Chronic stress and poor sleep both alter the gut environment through hormonal pathways, though these are harder to quantify than dietary factors. The practical takeaway is that gut health isn’t isolated from overall health. The same habits that improve your sleep and stress levels tend to benefit your microbiome too.

Rebuilding Your Gut After Antibiotics

Antibiotics are sometimes necessary, but broad-spectrum courses can devastate gut bacteria populations. Recovery isn’t automatic, and the timeline depends heavily on what you do afterward.

Research published in Cell Host & Microbe found that a low-fiber diet aggravated the collapse of gut bacteria during antibiotic treatment and significantly delayed recovery. In contrast, a high-fiber diet supported faster rebound. The study also found that environmental exposure to diverse bacteria, essentially being around other people, pets, and varied environments, helped reintroduce lost species. Isolation (in this case, studied in animal models through single housing) drastically disrupted the recovery process.

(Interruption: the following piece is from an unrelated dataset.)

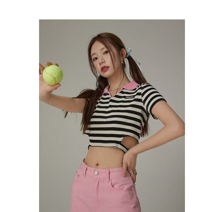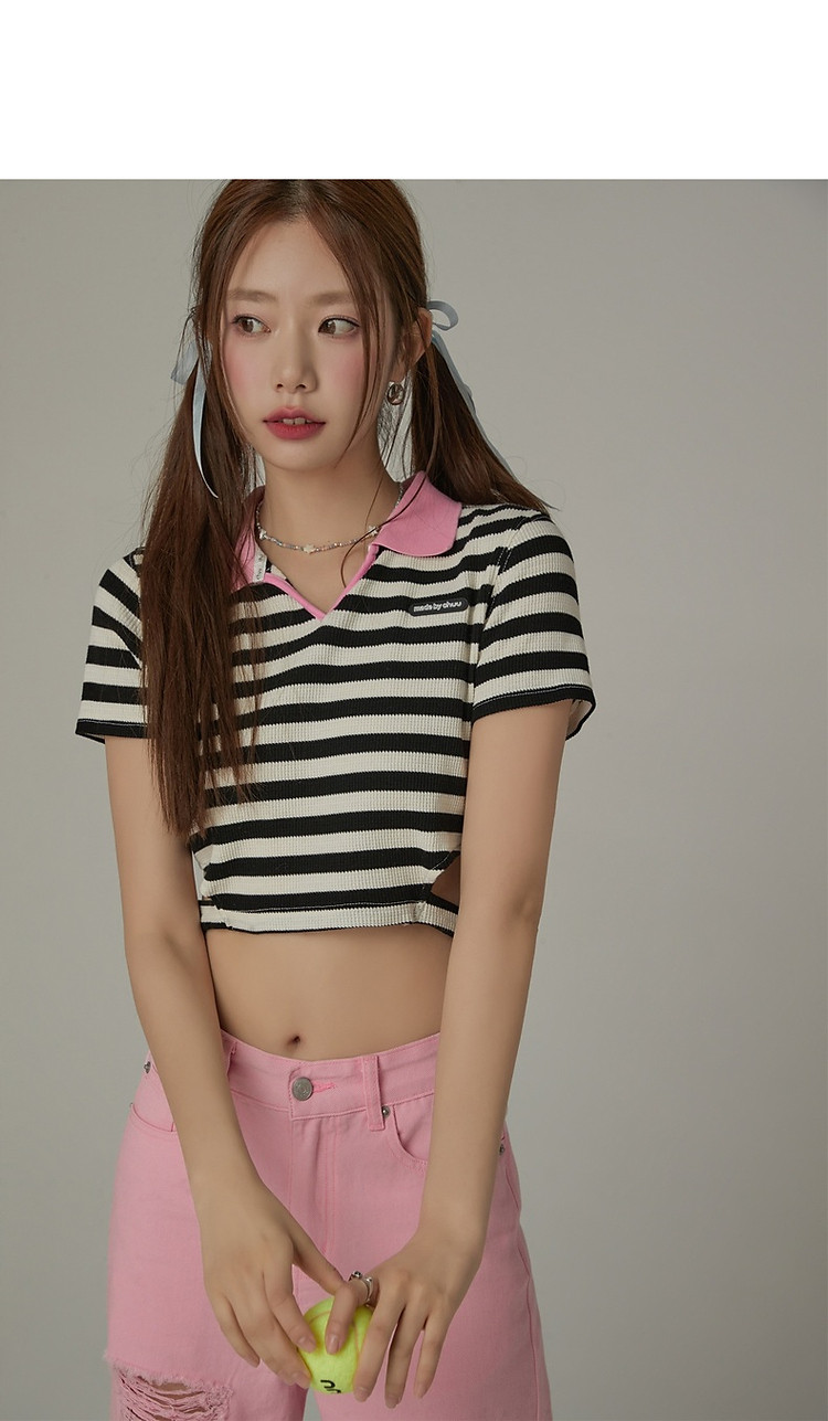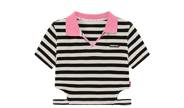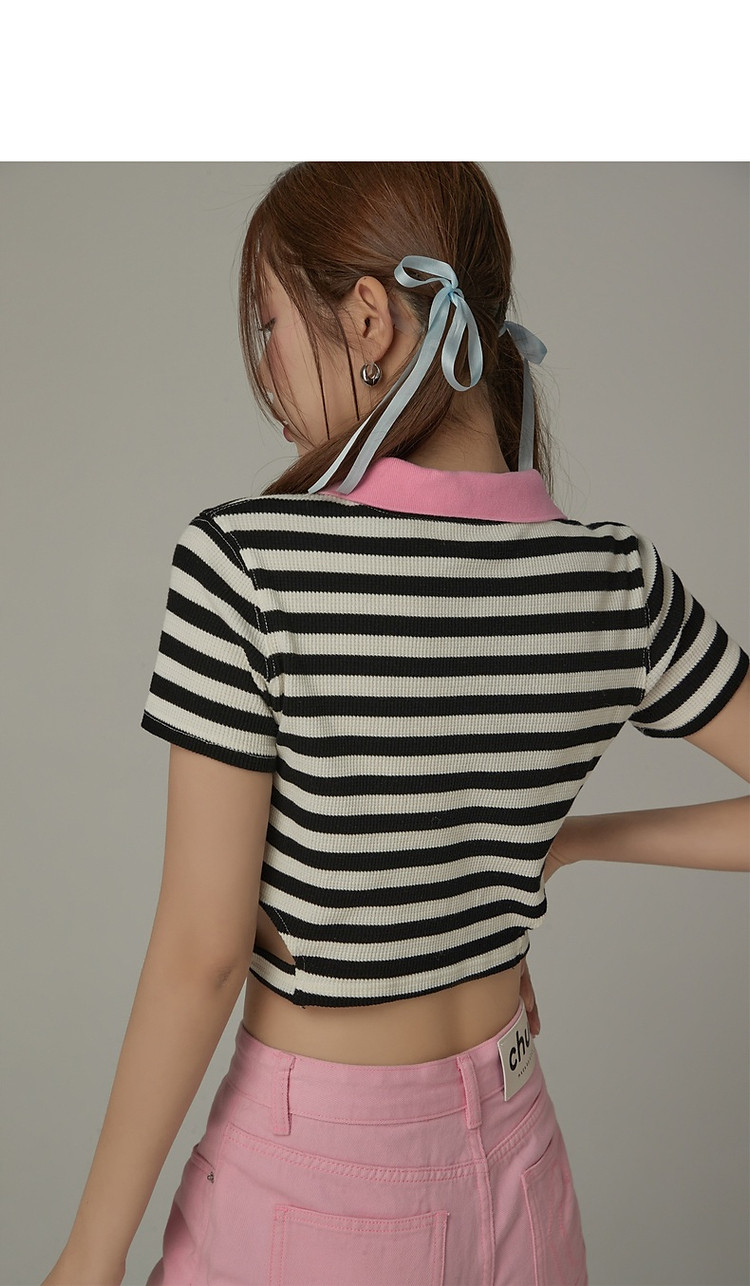 商品名称:黑白条纹T恤女春夏小个子甜辣露脐镂空短袖上衣 859731
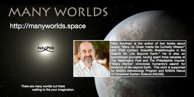 The search for life beyond Earth has gone beyond Mars, Europa and our solar system to the billions of planets now known to orbit distant stars. A new, NASA-sponsored website that will explore the science and scientists of this cutting-edge and fast-growing field debuts today (Tues) at the address www.manyworlds.space.

If you’ve recently finished antibiotics, the most evidence-backed strategy is straightforward: increase your fiber intake immediately, eat a wide variety of plant foods, and incorporate fermented foods daily. Saccharomyces boulardii is one of the few probiotics with strong clinical evidence specifically for antibiotic-associated digestive issues. Full microbiome recovery can take weeks to months depending on the antibiotic used and your baseline diet, so patience and consistency matter more than any single supplement.

A Practical Starting Point

If you’re looking for a simple framework, start with these three changes: add one new high-fiber food to your daily routine, aim to count 30 different plant foods across the week, and get at least 150 minutes of moderate aerobic activity weekly. Track your plant variety for one week and you’ll likely find you’re eating fewer than 15 different types. Just noticing the gap tends to change behavior on its own.

Gut health responds to sustained habits, not quick fixes. Most people notice changes in digestion, energy, and regularity within two to four weeks of increasing fiber and plant diversity. The bacterial shifts that drive long-term benefits take longer, but every week of consistent habits builds on the last.